2.2.5. Remaja dan Orang Tua

Pola komunikasi yang berbeda antara orang tua dan remaja menyebabkan proses komunikasi menjadi distorsi, padahal komunikasi adalah inti dari relasi dan interaksi antar orang tua dengan anak remajanya. Jika para remaja menemukan

keamanan dan kenyamanan berdiskusi dengan orang tuanya, tentu saja jauh lebih baik daripada mereka mencari informasi diluar rumah, apakah di sekolah, teman-teman, para pakar, atau lembaga-lembaga konsultasi yang keamanannya belum terjamin dan tingkat kompetensinya belum terbukti (Sahrani, dkk, 2008).

Beberapa titik kritis komunikasi remaja dan orang tua adalah saling curiga, tidak menghargai, terlambat memberi tanggapan, terlalu cepat memotong, monopoli, orang tua menghakimi, saling memaksakan keinginan, anak remaja merasa orangtua terlalu lamban, metode penyampaian. Untuk menjalin komunikasi yang intim mesra dan bersahabat anatara orang tua dan remaja adalah: ciptakan saling pengertian, ciptakan atmosfer bersahabat, mendengarkan keluhan anak, berikan jalan keluar bukan cela, jangan menjadi hakim, alat pendidikan, sabar mandengarkan, singkirkan hierarki, pola komunikasi yang baik, dan menjaga kesantunan (Sahrani, dkk, 2008).

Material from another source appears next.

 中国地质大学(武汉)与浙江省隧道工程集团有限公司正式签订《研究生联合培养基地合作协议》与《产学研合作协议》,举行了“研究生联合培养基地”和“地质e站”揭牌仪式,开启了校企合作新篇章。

Ada tiga fungsi utama komunikasi antara orang tua dan anak remajanya (Sahrani, dkk, 2008), yaitu :

1. Menyampaikan pesan

Metode paling efektif untuk menyampaikan pesan antara kedua belah pihak adalah melalui komunikasi lisan ketika orang tua berhadapan langsung atau bertatap muka dengan anak remajanya.

2. Menerima pesan

Syarat utama menjadi penerima pesan adalah kesediaan untuk mendengarkan. Minimnya kesediaan untuk mendengarkan pesan menyebabkan pesan tidak

3. Isi

Berupa gagasan, perasaan, opini, cita-cita, tuntutan, harapan, suara hati, nasihat, pesan perdamaian dan lainnya.

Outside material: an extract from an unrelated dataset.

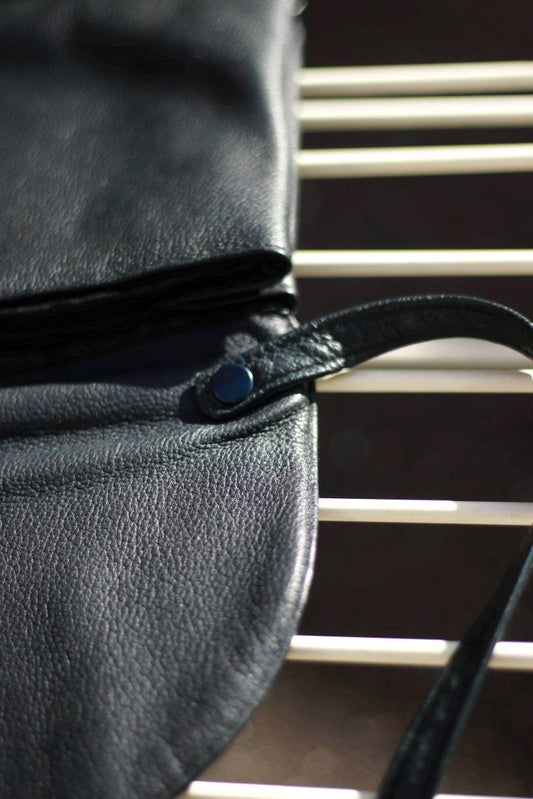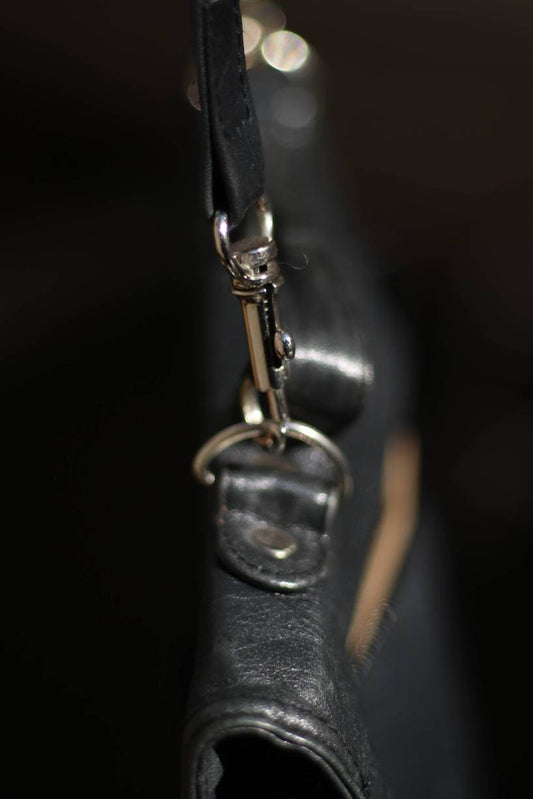 90s Picard leather shoulder bag| Vintage minimalist hand bag in black with detachable straps

Menurut Asrori (2009) yang mengutip pendapat Soekanto, sangat penting bagi remaja adalah mendapatkan bimbingan agar rasa ingin tahu yang tinggi dapat terarah kepada kegiatan-kegiatan positif, kreatif, dan produktif, misalnya ingin menjelajah alam sekitar untuk kepentingan penyelidikan atau ekspedisi. Jika keinginan semacam itu mendapat bimbingan dan penyaluran yang baik, akan menghasilkan kreatifitas remaja yang sangat bermanfaat, seperti kemampuan membuat alat-alat elektronika, menghasilkan temuan ilmiah yang berbobot, menghasilkan kolaborasi musik dengan rekan sebaya. Jika tidak, dikhawatirkan dapat menjurus kepada kegiatan atau perilaku negatif, misalnya mencoba narkoba, minum-minuman keras, perilaku seks pranikah yang berakibat terjadinya kehamilan.

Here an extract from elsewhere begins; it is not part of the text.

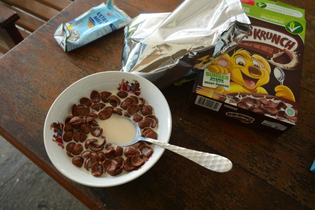Comer foi o grande problema. No primeiro dia, sem grandes forças para procurar alternativas, fiquei-me com um pedaço de fruta que as moças do Edwin arranjaram. Encontrei um pequeno supermercado mais à frente, mas só trouxe água. Agora, no segundo dia, indicaram-me um outro supermercado. Era uma coisa mínima, mas encontrei lá bens preciosos para mim: leite e cereais de chocolate! Juro, há semanas que nada me dava tanto prazer a comer!

2.2.6. Remaja dan Teman Sebaya

Teman sebaya adalah anggota kelompok yang memiliki kesamaan karakteristik. Misalnya orang-orang yang sama usianya, latar belakangnya, pekerjaannya, gaya hidupnya, atau pun pengalamannya. Semakin banyak kesamaan yang ada, semakin besar kemungkinan orang tersebut menerima pesan-pesan yang disampaikan sesamanya (Palang Merah Indonesia, 2010).

Remaja cenderung lebih dekat dan lebih sering berbicara mengenai aspek-aspek kepribadian tertentu dengan remaja lain yang sebaya daripada dengan orangtua atau gurunya. Teman sebaya adalah teman yang sangat akrab, karena jenis kelamin yang

sama atau usia yang berdekatan, atau rumah berdekatan, atau belajar di tempat yang sama, atau memiliki minat yang sama dan seterusnya. Biasanya sesama teman sebaya hampir tidak ada rahasia. Oleh karena itu, kedekatan sesama teman yang sebaya dapat saling mempengaruhi untuk sesuatu menuju kebaikan (Palang Merah Indonesia, 2010).